◆ Extracted data entries:
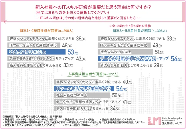 「新入社員へのITスキル研修が重要だと思う理由は何ですか?(当てはまるものを上位3つ選択してください)」と質問したところ、新卒1~2年目の社員53.4%が「社会人基礎力の向上」と回答し、年次の低い社員は自身の土台づくりとして重要性を感じていることが示唆されました。
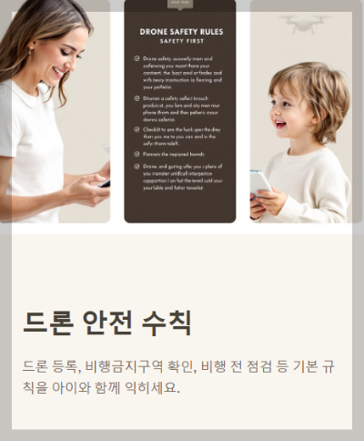 안전 수칙 꼭 숙지하기 드론 등록, 비행금지구역 확인, 비행 전 점검 등 기본 규칙을 아이와 함께 익히세요.
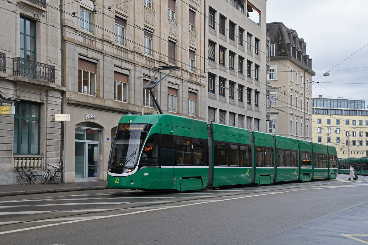 Be 6/8 Combino 312, auf der wegen einer Baustelle umgeleiteten Linie 8, bedient am 19.01.2026 die Haltestelle Peter Merian. Aufnahme Basel.
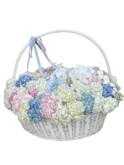 Hydrangeas Hydrangeas Hydrangeas and orchids!! 1 meter in diameters (!) this opulent and stunning arrangement consists of 111 Hydrangeas and several luxurious orchid stems. This incredible basket of blooms will leave your receiver utterly speechless!
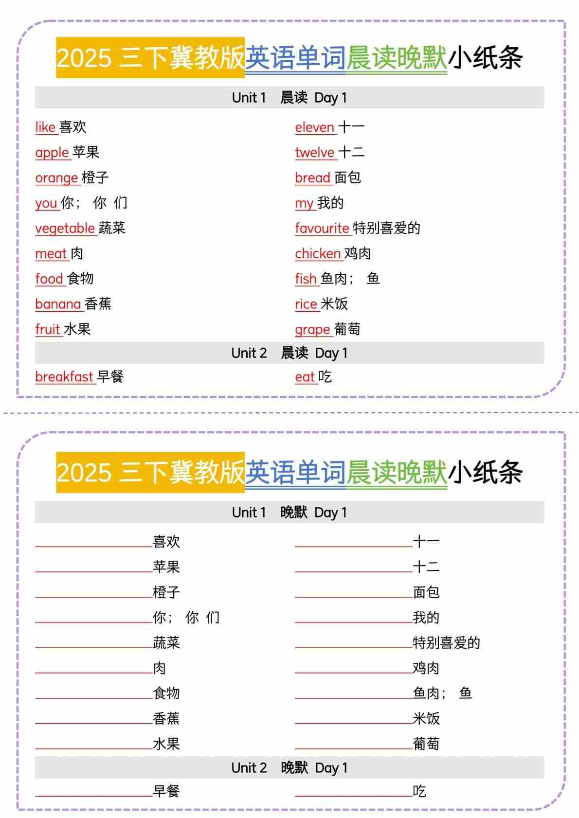 三(下)英语新冀教单词晨读晚默小纸条

◆ Task goal: The copy starts at the line holding "안전 수칙 꼭 숙지하기" and ends at the last line of the records above. Transcribe those lines exactly, pictures excluded.

◆ Result:
 안전 수칙 꼭 숙지하기 드론 등록, 비행금지구역 확인, 비행 전 점검 등 기본 규칙을 아이와 함께 익히세요.
 Be 6/8 Combino 312, auf der wegen einer Baustelle umgeleiteten Linie 8, bedient am 19.01.2026 die Haltestelle Peter Merian. Aufnahme Basel.
 Hydrangeas Hydrangeas Hydrangeas and orchids!! 1 meter in diameters (!) this opulent and stunning arrangement consists of 111 Hydrangeas and several luxurious orchid stems. This incredible basket of blooms will leave your receiver utterly speechless!
 三(下)英语新冀教单词晨读晚默小纸条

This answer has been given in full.